Stronger than expected jobs data spurred a sharp rally for the Kiwi today!
Is this a pullback opportunity materializing on NZD/JPY?
Before moving on, ICYMI, yesterday’s watchlist looked at AUD/NZD forming a double bottom ahead of the NZ jobs report. Be sure to check out if it’s still a good play!
And now for the headlines that rocked the markets in the last trading sessions:
Fresh Market Headlines & Economic Data:
Canadian Ivey PMI climbed from 56.3 to 56.5 vs. estimated dip to 55.0 in January, reflecting faster pace of industry growth despite dip in employment and inflation components
BOC Governor Macklem reiterated that they need more time to bring down inflation, as housing shortfall is contributing to higher price pressures
New Zealand GDT showed a 4.2% jump in dairy prices during latest auction vs. earlier 2.3% increase
New Zealand Q4 2023 employment change at 0.4% q/q vs. estimated 0.3% uptick, earlier period’s reading upgraded from -0.2% to -0.1%
New Zealand jobless rate ticked higher from 3.9% to 4.0% vs. 4.3% forecast despite strong migration inflows
New Zealand labor cost index jumped 1.0% q/q vs. estimated and previous 0.8% uptick, reflecting stronger wage pressures
German industrial production sank 1.6% m/m in January vs. estimated 0.4% dip, following previous 0.7% slump
U.K. Halifax HPI came in stronger than expected with 1.3% m/m increase in prices vs. estimated 0.8% uptick and earlier 1.1% gain
Price Action News
The Kiwi had already been enjoying some gains leading up to New Zealand’s quarterly jobs release, and the actual report triggered a sharp pop higher across the board.
Not only did the headline employment change figure beat estimates, but the unemployment rate and labor cost index also came in stronger than expected. All in all, these reflected a very robust jobs market and upside inflationary pressures, suggesting that the RBNZ might stick to a hawkish stance for much longer.
On the flip side, a bit of a pullback was seen on the U.S. dollar, as traders likely booked profits from its rallies earlier in the week. In addition, expectations of additional stimulus from China also kept risk-taking supported.
Upcoming Potential Catalysts on the Economic Calendar:
Swiss foreign currency reserves at 8:00 am GMT
EIA crude oil inventories at 3:30 pm GMT
FOMC member Kugler’s speech at 4:00 pm GMT
FOMC member Barkin’s speech at 5:30 pm GMT
FOMC member Bowman’s speech at 7:00 pm GMT
Chinese CPI and PPI at 1:30 am GMT (Feb. 8)

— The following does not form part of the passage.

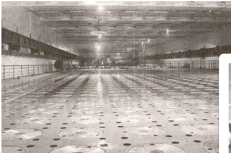
Хранилище делящихся материалов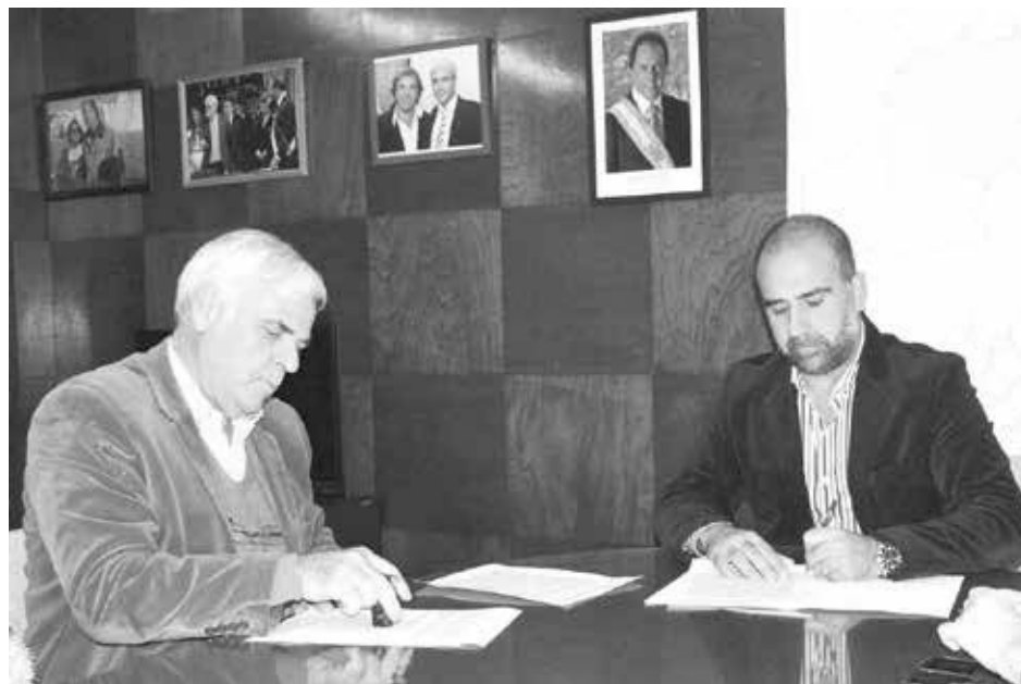
conjuntas con los equipos de Derechos del Niño, local de Promoción y Protección y provincial.

Use our new Currency Heat Map to quickly see a visual overview of the forex market’s price action! ️
This forex pair bust through the near-term resistance at the 90.20 area then zoomed up to R1 (90.35) upon seeing strong jobs data from New Zealand.

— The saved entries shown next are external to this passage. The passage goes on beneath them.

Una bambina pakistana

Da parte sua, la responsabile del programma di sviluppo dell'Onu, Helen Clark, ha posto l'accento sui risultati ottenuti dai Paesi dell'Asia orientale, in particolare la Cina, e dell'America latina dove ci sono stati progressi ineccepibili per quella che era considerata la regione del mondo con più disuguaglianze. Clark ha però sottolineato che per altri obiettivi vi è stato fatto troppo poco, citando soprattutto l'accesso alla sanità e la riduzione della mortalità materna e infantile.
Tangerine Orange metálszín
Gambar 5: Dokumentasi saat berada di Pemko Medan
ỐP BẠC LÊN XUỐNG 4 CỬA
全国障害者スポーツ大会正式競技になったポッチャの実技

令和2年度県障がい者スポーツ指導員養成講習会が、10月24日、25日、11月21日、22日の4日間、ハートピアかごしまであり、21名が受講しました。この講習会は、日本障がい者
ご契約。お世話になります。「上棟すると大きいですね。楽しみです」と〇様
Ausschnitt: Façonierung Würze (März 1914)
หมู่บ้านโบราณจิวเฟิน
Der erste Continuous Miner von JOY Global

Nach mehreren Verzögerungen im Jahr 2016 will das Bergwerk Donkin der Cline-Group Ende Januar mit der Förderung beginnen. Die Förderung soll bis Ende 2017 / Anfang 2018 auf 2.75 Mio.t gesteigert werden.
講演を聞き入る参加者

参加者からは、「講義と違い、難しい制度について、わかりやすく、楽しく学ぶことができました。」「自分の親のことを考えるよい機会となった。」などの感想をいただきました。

After all, the surprisingly upbeat figures could mean that the RBNZ won’t be thinking of cutting rates anytime soon, unlike most of its major central bank peers.
At the same time, expectations of more stimulus from China are propping up commodity currencies, especially since President Xi already met with regulators earlier this week.

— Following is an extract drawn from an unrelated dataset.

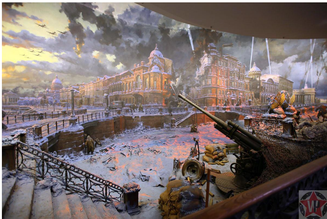
Диорама «Блокада Ленинграда»

Почти одновременно начались блокада Ленинграда и Киевская операция. Ленинград нужен был немцам как один из наиболее важных городов, поставляющих противнику новейшие разработки машиностроения и электротехнику. Перекрыв путь к городу, немцы спровоцировали голод. Также сказывался недостаток отопления – осада затянулась до зимы, и холод стал ещё одним врагом для солдат. После этого изменилась тактика: самолёты бомбили продовольственные склады, фабрики и заводы, чтобы уничтожить важные для города центры. По плану, после захвата Ленинграда войска встречались с группой, которая захватывала Киев. Здесь важной была переправа через Днепр, однако на реке немецкие войска встретили жестокое сопротивление.

Traders seem to be booking profits off the latest NZD/JPY rally, though. Price is inching close to the 38.2% Fib, which happens to coincide with the broken resistance zone that might now hold as support.
A larger pullback could find buyers at the 50% Fib that lines up with the pivot point level (90.09) or the 61.8% Fib closer to the 90.00 major psychological support.
The 100 SMA is above the 200 SMA to suggest that the path of least resistance is to the upside, but Stochastic is just starting to make its way down to signal that sellers are regaining the upper hand.
If any of the Fibs are able to keep losses in check, NZD/JPY could recover to the swing high or even up to R2 (90.51), but a break below these could pave the way for a test of the lows near S1 (95.91).